↓↓↓

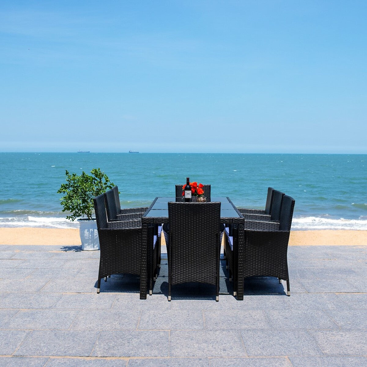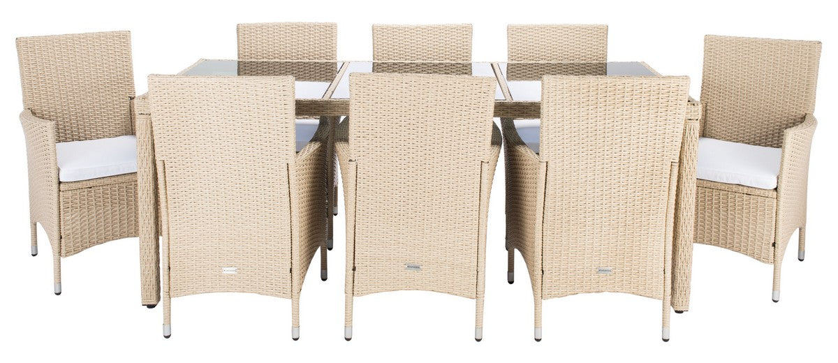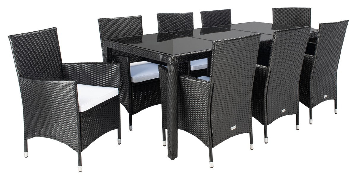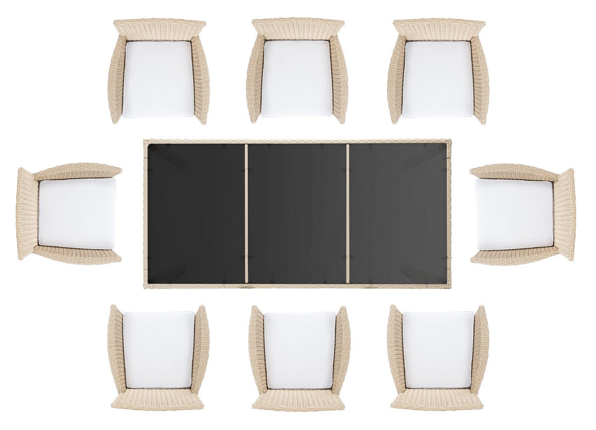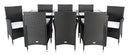 - Full Dimensions [W / D / H]: TABLE: 76.8" x 35.4" x 29.5" CHAIR: 22.8" x 22.8" x 34.6"
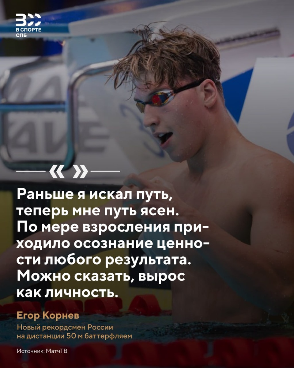 🗣️ Егор Корнев рассказал, за счёт чего ему удалось показать мощные результаты на чемпионате России по плаванию на короткой воде, который вчера завершился в Казани. 😮 Пловец СШОР «Экран» завоевал 4 золотых и 1 серебряную награды, установил новый рекорд России на дистанции 50 метров баттерфляем (21,73) и заплыл в топ-5 лучших результатов всех времен на 100-метровке вольным стилем (44,99). Главные достижения наших пловцов и сборной Санкт-Петербурга на чемпионате России: ➖ Команда Санкт-Петербург-1 выиграла медальный зачёт турнира. Наши пловцы завоевали 34 медали (19 золотых, 7 серебряных и 8 бронзовых). Второе место у команды Москва-1 — 22 медали (9-9-4). ➖ Лучшим по количеству медалей среди всех спортсменов на чемпионате стал петербуржец Кирилл Пригода — 3 золота на индивидуальных дистанциях 50, 100 и 200 м брассом, а также 3 первых места в эстафетных заплывах. ➖ Милана Степанова установила юношеский рекорд России в эстафете 200 м в/стиль (1:54,37). ➖ Лучший результат по очкам Wo
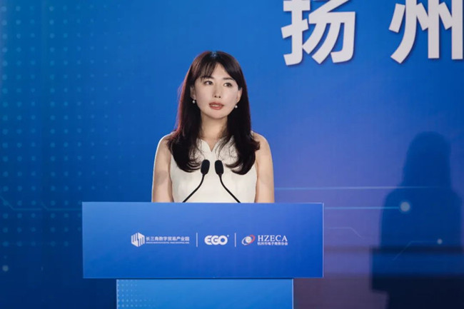 張又雯在致辭中表示,杭州市電子商務協會一直致力于推動電子商務行業的發展與創新。此次揚州?長三角數字貿易產業園的開園,是揚州在跨境電商領域邁出的重要一步,也為兩地的電商合作提供了新的契機。協會將充分發揮自身的資源和經驗優勢,與揚州的合作伙伴共同努力,為長三角數字貿易產業園的發展提供多方面的支持,促進兩地電商企業的交流與合作,分享行業最新動態和成功經驗;協助引進先進的電商技術和管理模式,提升園區的運營水平和競爭力;積極推動人才培養與交流,為產業園的持續發展提供人才保障。

↑↑↑

Produce an exact copy of the lines from the line containing "по очкам Wo" to the end of the material, both ends included, and omit every picture.

 🗣️ Егор Корнев рассказал, за счёт чего ему удалось показать мощные результаты на чемпионате России по плаванию на короткой воде, который вчера завершился в Казани. 😮 Пловец СШОР «Экран» завоевал 4 золотых и 1 серебряную награды, установил новый рекорд России на дистанции 50 метров баттерфляем (21,73) и заплыл в топ-5 лучших результатов всех времен на 100-метровке вольным стилем (44,99). Главные достижения наших пловцов и сборной Санкт-Петербурга на чемпионате России: ➖ Команда Санкт-Петербург-1 выиграла медальный зачёт турнира. Наши пловцы завоевали 34 медали (19 золотых, 7 серебряных и 8 бронзовых). Второе место у команды Москва-1 — 22 медали (9-9-4). ➖ Лучшим по количеству медалей среди всех спортсменов на чемпионате стал петербуржец Кирилл Пригода — 3 золота на индивидуальных дистанциях 50, 100 и 200 м брассом, а также 3 первых места в эстафетных заплывах. ➖ Милана Степанова установила юношеский рекорд России в эстафете 200 м в/стиль (1:54,37). ➖ Лучший результат по очкам Wo
 張又雯在致辭中表示,杭州市電子商務協會一直致力于推動電子商務行業的發展與創新。此次揚州?長三角數字貿易產業園的開園,是揚州在跨境電商領域邁出的重要一步,也為兩地的電商合作提供了新的契機。協會將充分發揮自身的資源和經驗優勢,與揚州的合作伙伴共同努力,為長三角數字貿易產業園的發展提供多方面的支持,促進兩地電商企業的交流與合作,分享行業最新動態和成功經驗;協助引進先進的電商技術和管理模式,提升園區的運營水平和競爭力;積極推動人才培養與交流,為產業園的持續發展提供人才保障。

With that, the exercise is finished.